Bad statistics lead to racism

There’s an opinion piece in the SMH today from Michael Duffy that really has my blood boiling. The thrust of his piece is that the combination of the last 20 years of emphasis in our immigration intake of Asians, and the much greater educational ability and aspirations of those Asians – “Asians are the first significant group of immigrants to this country to come from, or at least aspire urgently to enter, the middle class” means that “they could form a majority of Australian professionals within a generation or two”.

I have a whole lot of problems with this argument. But I’ll just mention one. The appalling statistical analysis inherent in his main piece of evidence – “For instance, in the 2004 HSC, about 350 of the top 1000 students had Asian surnames. As people of Asian background comprise about 7 per cent of the population, this means they did five times better as a group than other Australians”.

To analyse this statistic properly, you have to first analyse the actual group doing the HSC. Given the proportion of Asians over the age of 50 in Australia is considerably less than 7%, the proportion of Asians aged 17 or 18 is likely to be considerably more than 7%.

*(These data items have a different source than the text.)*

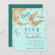Make your little girl's 5th birthday party a magical experience with our customizable mermaid theme paper invitation. This charming affordable invitation features a magical mermaid tail in gold and aqua tones with cute seahorses that will transport her guests into an underwater fantasy world. The glitter print adds an extra bit of sparkle and glamour to the design. Customize it with your party details and get ready to make a splash with this delightful invitation.
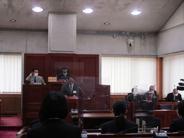 高山中学校 「本年度よりスタート議場での中学生議会」 |
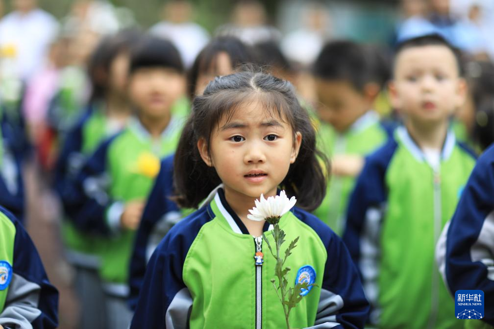 4月3日,在贵州省赤水市红军烈士陵园,小朋友手捧鲜花向英烈致敬。

I’ve been irritated by this before, and this time I tried to find the answer from the ABS. It, of course, depends on your definition (surprise, surprise, the ABS doesn’t have a category called “asian names as defined by racist columnists”). The best test I could find was second languages spoken at home in the age group 15-24. In 2001, for Australia as a whole, 10% spoke Cantonese at home, 7% spoke Vietnamese, and 7% spoke Mandarin. There are likely to be some who speak Cantonese and Mandarin at home, but balancing that against a whole bunch of asian languages that wouldn’t be included here, such as Hokkien, Laotian, Cambodian, etc etc (only the top 6 were shown in this report), it seems reasonable to say that at least 25% of HSC students might speak an Asian language at home. And there are probably a few more with Asian ancestry, who only speak English at home.

Australia is a nation of immigrants. The population of Sydney is 38% born overseas. If you add second generation immigrants, you almost certainly get over 50%. Surely we should therefore expect that our professional class should eventually be reflective of the population as a whole?

I used to have respect for Michael Duffy – sure a right wing columnist, but I thought a sensible one. No more. This whole column just seems like casual racism to me – he’s invoking the old fashioned yellow peril, but just talking about asians taking over the professions, rather than over-running the country.

  3 comments for “Bad statistics lead to racism

  1. Steve cai
    August 28, 2006 at 12:00 am

    Thanks for your comments. I was a bit upset over such overtly racist underlying theme of Michael Duffy, even if there is an element of truth in there.

    As fot the ABS stats, i happen to be well-versed with them. The stats you are referring talks about proportion of Chinese speakers as a subset of the whole non-english speaking group

    If you look closely, you will find that about 8% are of Asian ancestry in Ausatralia in that particular age gorup 15-24

    You do realise that through family reunion schemes, the propition of asians as part of Australia is roughtly the same across all age groups

  2. August 29, 2006 at 7:44 pm

    You’re right – on a reread of the statistics, I did overstate the chinese speakers. I stand by my original comments, though (although I may have mistated the degree) – even looking at a graph of speakers of a language other than english, there are proportionately more young people speaking all asian languages in the home than there are of all ages. Basically, the younger you are, the less sense it makes to count “asians” (whatever that means) by the number of people born in an asian country. Most “asian” children were born here.

  3. August 30, 2006 at 8:23 am

    Also, I don’t think counting “Asian” surnames is an accurate measure of whether the person is Asian. It is a bit like counting job advertisements to determine how many vacant jobs are out there. I have an Asian surname but I am not Asian. The surname was invented by my Filipino father-in-law and his brother, a respelling of the Spanish surname Par Rocha.